Solid lipid nano spinosad is during for the preparation of suspending agent, and it forms and also comprise the surfactant that accounts for weight of formulation 1%-10%, the auxiliary agent of 1%-5%, the carrier of 1%-80% except active ingredient; Described surfactant is one or more in the phosphate, fatty alcohol-polyoxyethylene ether, lignosulfonates, naphthalenesulfonate formaldehyde condensation compound of JFC, 603#, 600#, alkylphenol polyoxyethylene, alkylphenol polyoxyethylene; Described auxiliary agent comprises antifreeze ethylene glycol, thickener xanthans, defoamer silicone; Described carrier is water.
Solid lipid nano spinosad is during for the preparation of wetting powder, and it forms and also include the surfactant that accounts for weight of formulation 1%-10%, the carrier of 1%-80% except active ingredient; Described surfactant comprises lignosulfonates, lauryl sodium sulfate, fatty acid sulphate, aliphatic alcohol polyethenoxy, nekal, Ben-zylphenol Polyoxyethyl Ether, alkylphenol polyoxyethylene, pull open one or more in powder, and described carrier comprises a kind of in kaolin, precipitated calcium carbonate, clay, white carbon.
The inventor studies and finds that this lipid carrier is with biocompatible lipoid carrier matrix, have many advantages: the blade face compatibility is good, be conducive to absorption and the transportation of medicine, good targeting is arranged, can improve the chemical stability of medicine, improve compound property, be conducive to the ultraviolet light photodissociation, the prolong drug lasting period, significantly promote drug effect.Prepare the solid lipid nano granule of pleocidin with capric acid as carrier matrix, have stability high, toxicity is low, and technique is simple, and cost is relatively low, the advantage of energy large-scale production.Show by cold and hot storage stability test, ultraviolet light stability test and the test of pesticide effectiveness: good by the agriculture chemical compounding composition chemical stability of the inventive method preparation with solid lipid nano spinosad of the present invention, resolution ratio is low under UV-irradiation, and drug effect has significant lifting.
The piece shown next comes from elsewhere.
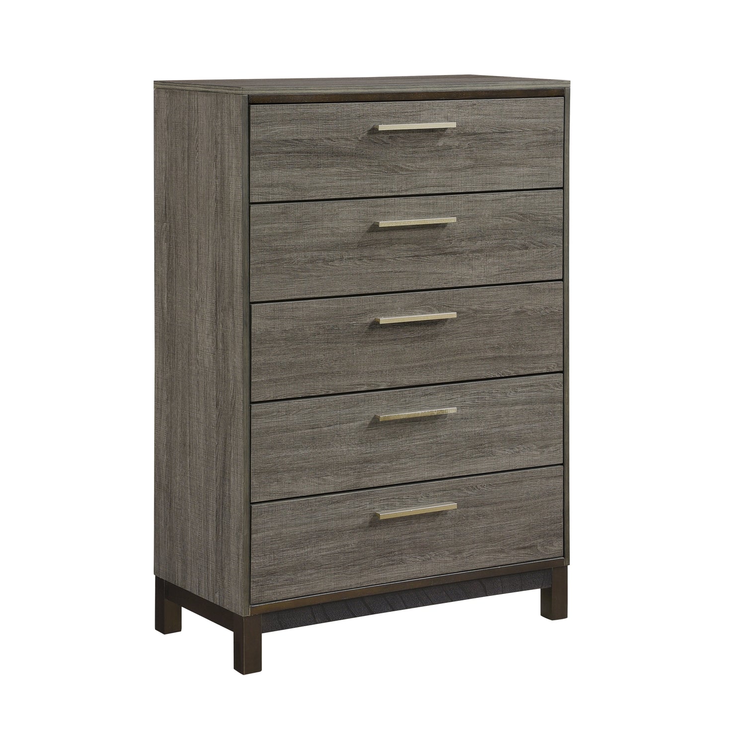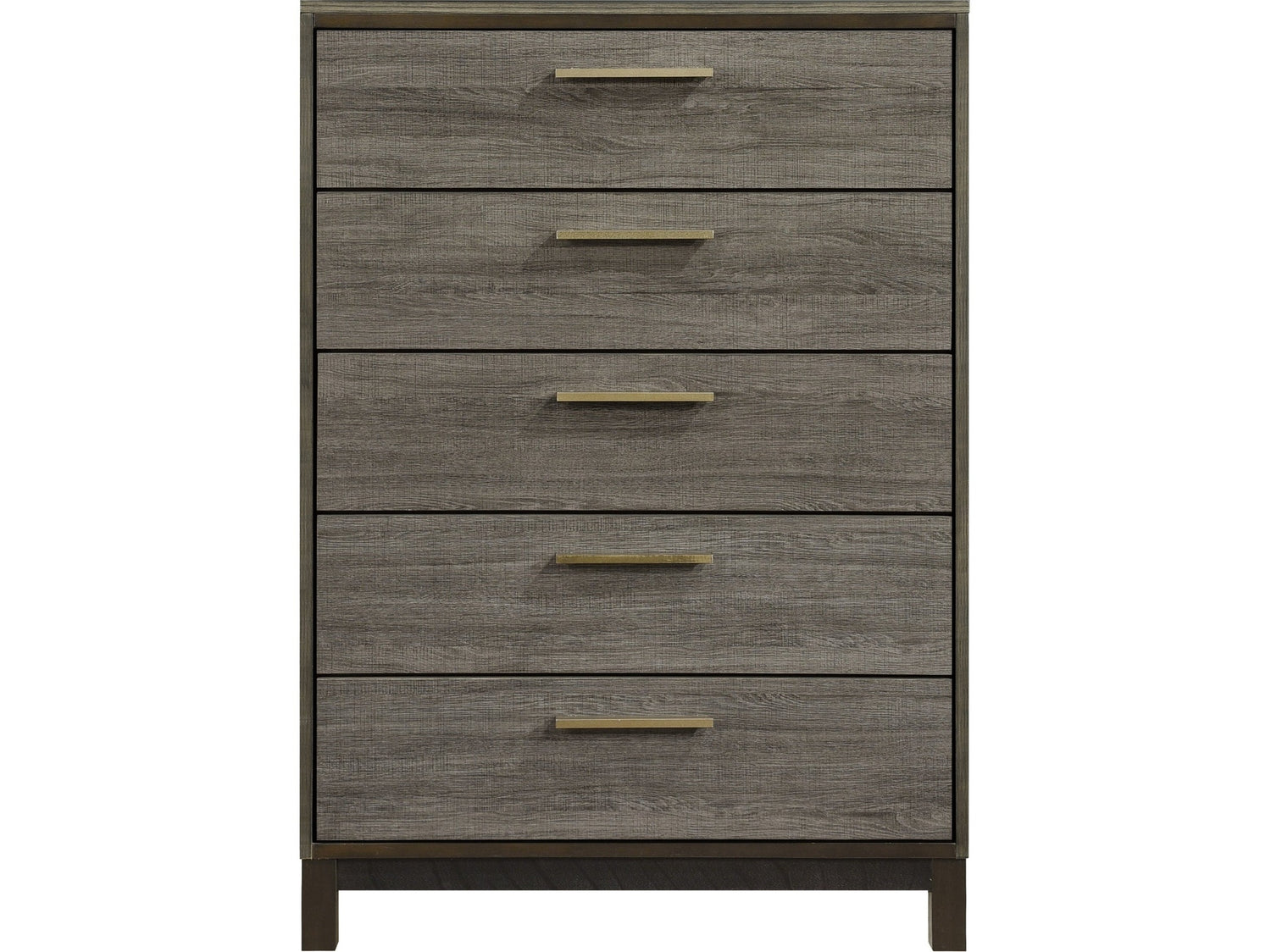 The contemporary styling of the Vestavia Collection provides a unique platform from which to redecorate your bedroom. Faux wood printed veneer provides subtle texture and a gray finish perfectly contrast the dark brown base rail of the chest. Clean lines lend to the angular modern look and are enhanced by the antique brass tone bar pulls.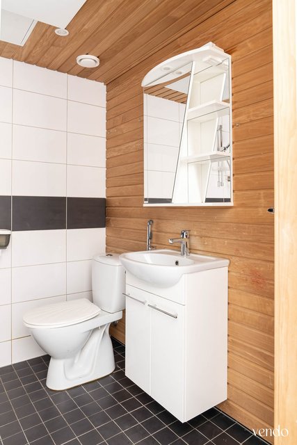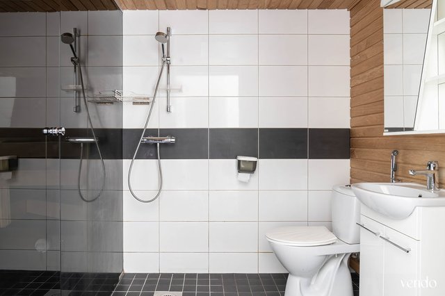 - WC-istuin, suihku, pesukoneliitäntä, allaskaappi, ja peilikaappi

Applying solid lipid nanometer pleocidin of the present invention has been compared following advantage with the complex composition preparation of the former powder production of direct employing pleocidin:
(1) cold and hot storage stability significantly promotes, through the time stabilization time, storage life, shelf-life extend.
(2) stability of ultraviolet light significantly promoted, can reduce the ultraviolet light photodissociation in the medication process, keep better drug effect.
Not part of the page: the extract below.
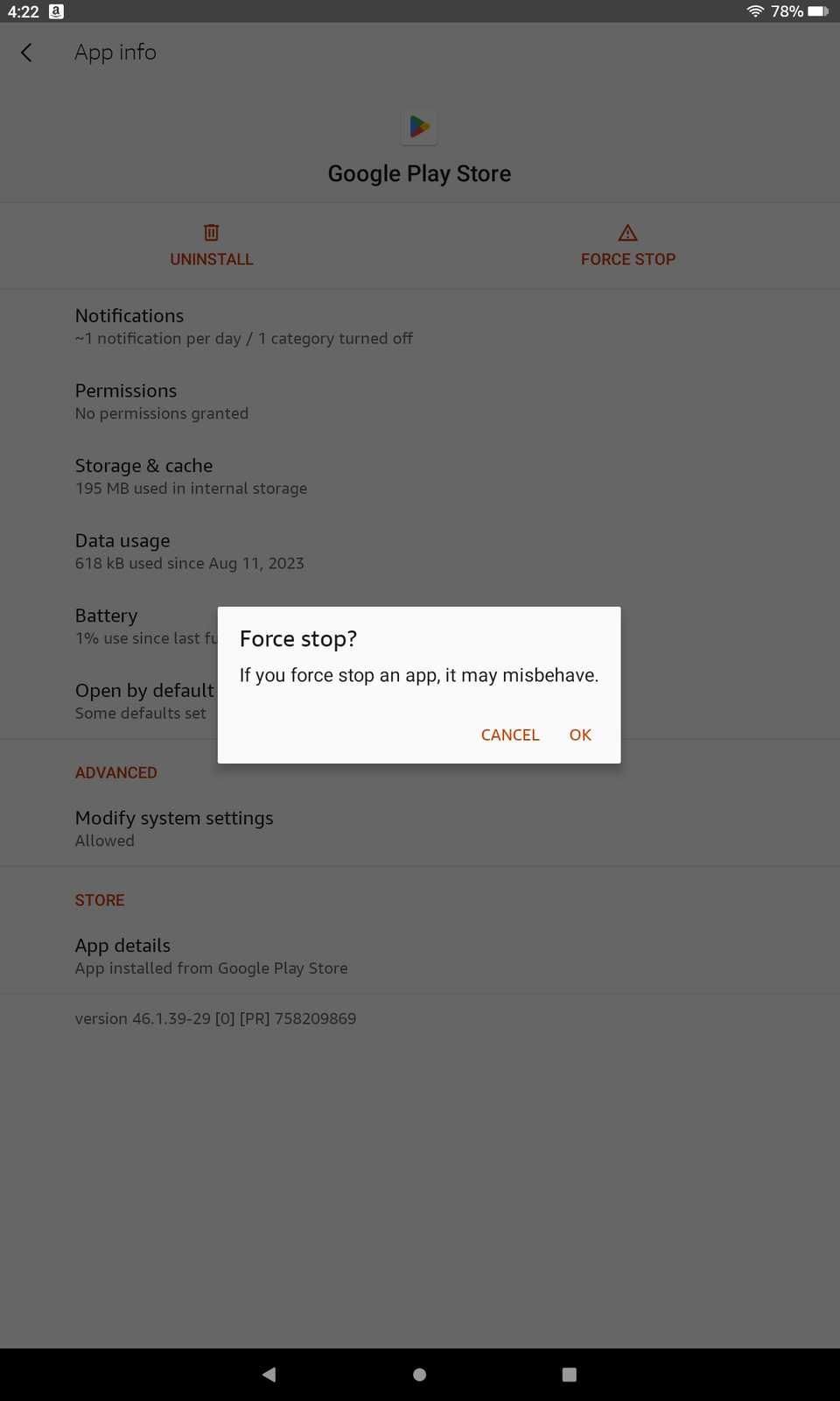 إذا لم ينجح ذلك، فاتبع الخطوات المذكورة أعلاه مرة أخرى، ولكن أعد تشغيل جهازك اللوحي قبل فتح متجر Play. وإذا لم يفلح ذلك، فأوقف بالقوة وامسح بيانات خدمات Google Play ومتجر Play.

(3) lipid nanometer type pleocidin has better compatibility to plant leaf blade, is more conducive to targeting dilivery, improves absorption ratio.
(4) when the foliage-spray, the biochemical degradation metabolism under the blade top layer of lipid nanometer pleocidin slows down, and bin stability significantly promotes, and has extended the drug effect phase.
During (5) as Ji Shi or seed dressing, lipid nanometer pleocidin stability promotes, and the drug effect phase extends, and control efficiency significantly promotes.
(6) dosage reduces, and is conducive to delaying drug resistance and environmental protection.
Embodiment
In order to make purpose of the present invention, technical scheme and advantage clearer, below in conjunction with drawings and Examples, the present invention is further elaborated.Should be appreciated that specific embodiment described herein only in order to explain the present invention, is not intended to limit the present invention.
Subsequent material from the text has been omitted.